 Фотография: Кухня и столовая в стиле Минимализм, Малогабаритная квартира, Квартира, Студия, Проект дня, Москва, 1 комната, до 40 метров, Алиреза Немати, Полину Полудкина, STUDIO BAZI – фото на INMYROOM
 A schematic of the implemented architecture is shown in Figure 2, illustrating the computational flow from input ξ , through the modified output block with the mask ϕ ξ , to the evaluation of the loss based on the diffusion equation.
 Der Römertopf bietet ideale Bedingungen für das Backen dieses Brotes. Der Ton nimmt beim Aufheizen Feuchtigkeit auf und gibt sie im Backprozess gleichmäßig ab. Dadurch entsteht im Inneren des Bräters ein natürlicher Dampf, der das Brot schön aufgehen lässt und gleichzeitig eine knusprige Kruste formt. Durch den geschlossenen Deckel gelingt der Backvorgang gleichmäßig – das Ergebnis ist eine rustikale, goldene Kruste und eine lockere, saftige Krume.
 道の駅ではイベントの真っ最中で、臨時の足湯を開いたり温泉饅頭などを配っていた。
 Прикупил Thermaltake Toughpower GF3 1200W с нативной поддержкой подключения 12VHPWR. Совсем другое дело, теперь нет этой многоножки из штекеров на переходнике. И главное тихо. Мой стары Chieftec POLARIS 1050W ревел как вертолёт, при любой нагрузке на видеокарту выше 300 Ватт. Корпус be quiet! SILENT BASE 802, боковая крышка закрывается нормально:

...

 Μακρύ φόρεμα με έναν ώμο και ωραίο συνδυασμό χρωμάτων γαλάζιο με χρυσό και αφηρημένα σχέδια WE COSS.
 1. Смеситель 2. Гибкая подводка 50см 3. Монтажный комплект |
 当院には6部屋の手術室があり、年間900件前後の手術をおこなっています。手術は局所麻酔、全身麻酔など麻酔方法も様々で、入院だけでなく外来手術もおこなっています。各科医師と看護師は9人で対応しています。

...

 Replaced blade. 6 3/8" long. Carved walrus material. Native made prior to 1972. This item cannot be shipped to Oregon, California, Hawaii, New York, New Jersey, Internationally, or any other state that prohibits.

WORK REQUIRED
Each line in the listing above from the one containing "Der Römertopf bietet" through the one containing "Прикупил Thermaltake Toughpower" should be repeated exactly, and no other line.

TASK RESULT
 Der Römertopf bietet ideale Bedingungen für das Backen dieses Brotes. Der Ton nimmt beim Aufheizen Feuchtigkeit auf und gibt sie im Backprozess gleichmäßig ab. Dadurch entsteht im Inneren des Bräters ein natürlicher Dampf, der das Brot schön aufgehen lässt und gleichzeitig eine knusprige Kruste formt. Durch den geschlossenen Deckel gelingt der Backvorgang gleichmäßig – das Ergebnis ist eine rustikale, goldene Kruste und eine lockere, saftige Krume.
 道の駅ではイベントの真っ最中で、臨時の足湯を開いたり温泉饅頭などを配っていた。
 Прикупил Thermaltake Toughpower GF3 1200W с нативной поддержкой подключения 12VHPWR. Совсем другое дело, теперь нет этой многоножки из штекеров на переходнике. И главное тихо. Мой стары Chieftec POLARIS 1050W ревел как вертолёт, при любой нагрузке на видеокарту выше 300 Ватт. Корпус be quiet! SILENT BASE 802, боковая крышка закрывается нормально:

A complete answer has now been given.